Switch to faster hashing for deflate
See original GitHub issueI saw what was mentioned in #135 and #136 and decided to try out the performance benchmarks for myself.
Selected samples: (1 of 1)
> lorem_1mb
Sample: lorem_1mb.txt (1000205 bytes raw / ~257018 bytes compressed)
> deflate-fflate x 29.27 ops/sec ±1.97% (52 runs sampled)
> deflate-fflate-string x 25.85 ops/sec ±2.58% (47 runs sampled)
> deflate-imaya x 7.41 ops/sec ±2.72% (22 runs sampled)
> deflate-pako x 16.39 ops/sec ±1.44% (44 runs sampled)
> deflate-pako-string x 15.05 ops/sec ±0.50% (41 runs sampled)
> deflate-pako-untyped x 11.53 ops/sec ±1.06% (31 runs sampled)
> deflate-uzip x 29.20 ops/sec ±2.41% (51 runs sampled)
> deflate-zlib x 25.09 ops/sec ±0.41% (45 runs sampled)
> inflate-fflate x 252 ops/sec ±1.07% (87 runs sampled)
> inflate-fflate-string x 141 ops/sec ±0.75% (78 runs sampled)
> inflate-imaya x 159 ops/sec ±1.37% (83 runs sampled)
> inflate-pako x 193 ops/sec ±0.32% (87 runs sampled)
> inflate-pako-string x 59.54 ops/sec ±0.31% (61 runs sampled)
> inflate-pako-untyped x 65.32 ops/sec ±1.22% (64 runs sampled)
> inflate-uzip x 274 ops/sec ±0.73% (86 runs sampled)
> inflate-zlib x 589 ops/sec ±0.29% (93 runs sampled)
If you would like to experiment with the patches I made, I forked the repo: 101arrowz/pako.

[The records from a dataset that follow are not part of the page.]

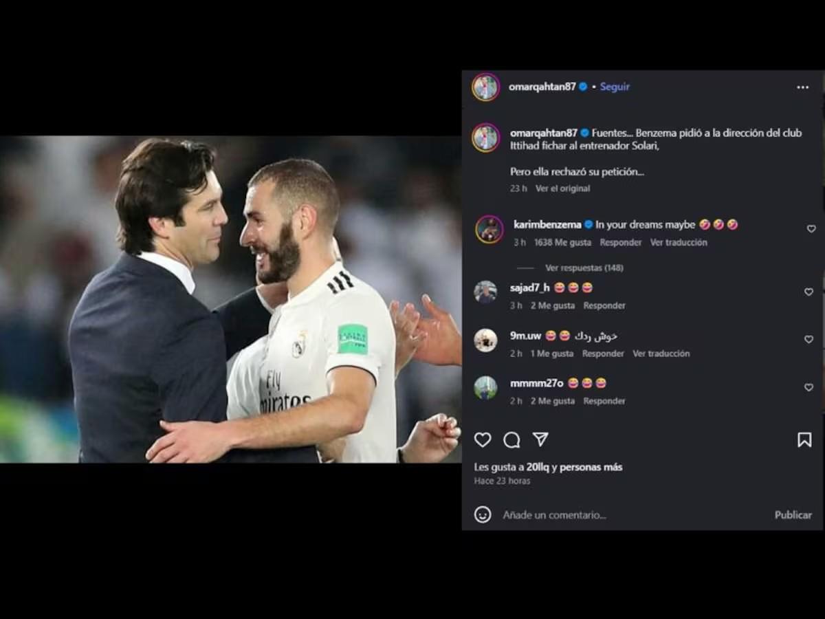 吉达联合在输给利雅得胜利后,解雇了主教练布兰科。有媒体和记者报道称,本泽马要求吉达联合任命索拉里为主帅,本泽马在社媒回击了这些传闻。
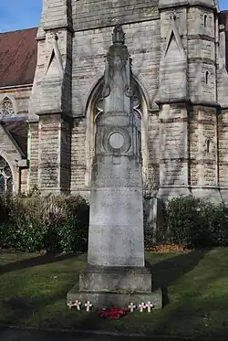 Edgbaston War Memorial, separately listed at Grade II, stands in the churchyard.[2] It was erected in 1921 to commemorate the dead of World War I, and was subsequently modified to include those of World War II.[2]
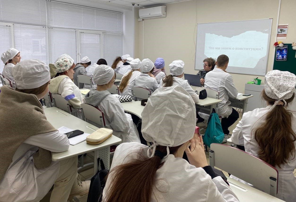 В рамках празднования Дня Конституции, 12 декабря 2023 года во Владимирском базовом медицинском колледже среди студентов проведена интеллектуальная игра «Что мы знаем о Конституции?». Игра направлена на ознакомление обучающихся с законами страны, а также с законами, специфичными для нашего региона проживания. В рамках информационного урока студенты просмотрели видеофильм «Конституция Российской Федерации».

Note the addition of fflate
and uzip
. uzip
was mentioned in the previous issues but is, as you mentioned, slightly unstable. It hangs on bad input rather than throwing an error, cannot be configured much, cannot be used asynchronously or in parallel (multiple calls to inflate
in separate callbacks, for example, causes it to fail), and, worst of all, does not support streaming.
I created fflate
to resolve these issues while implementing some of the popular features requested here (e.g. ES6 modules). In addition, fflate
adds asynchronous support with Web and Node workers (offload to a separate thread entirely rather than just add to event loop) and ZIP support that is parallelized to easily beat out JSZip. The bundle size ends up much smaller than pako
too because of the much simpler code. As you can see it is much faster than pako
.
The purpose of this issue is not to boast about my library or to call pako
a bad one. I believe pako
can become much faster while still being more similar than fflate
or uzip
to the real zlib
(i.e. the internal lib/
directory). The overhauled implementation in Node 12 as mentioned in #193 is the perfect chance to escape the trap of trying to match the C source nearly line-for-line and instead become a canonical but high-performance rework in JavaScript. For this reason, I suggest you try to optimize some of the slower parts of the library. I found an even better hashing function that produced very few collisions in my testing, and for larger files/image files it outperforms even Node.js zlib
in C; if you’d like to discuss, please let me know.
Personally: thank you for your incredible contributions to the open source community. I use pako
in multiple projects and greatly appreciate its stability, not present in libraries such as my own.
Issue Analytics
- State:
- Created 3 years ago
- Comments:26 (15 by maintainers)
I found reason why inflate speed decrease - because compression ratio much worse (bigger inflate input => slower)
Inrease of memLevel to 9 (for 64k hash table) does not help.
I’ve started to experiment with the codebase and will report back if I make progress. The hashing is not centralized, i.e. you set it in many different places, so I need to deep-dive into the code to tune its performance.
On another note, I saw you pushed some new commits for v2.0.0. If you’re going to be releasing a new version, I’d recommend you consider a new idea I came up with: auto-workerization.
Typical workerization techniques do not allow you to reuse existing synchronous code in an asynchronous fashion, but I developed a function that can take a function (along with all of its dependencies), generate an inline worker string, and cache it for higher performance. It’s been specifically optimized to work even after mangling, minification, and usage in any bundler. More importantly, you can reference other functions, classes, and static consants with this new method.
The main reason I suggest this is that very, very few people want to cause the environment (which could very well be a user’s browser) to hang while running a CPU intensive task on the main thread, such as
deflate
. Offering a method to offload this to a worker automatically is incredibly useful for many less-experienced developers who don’t understand workers and just want high performance and good UX.You can see how I did it in fflate if you’d like to consider it.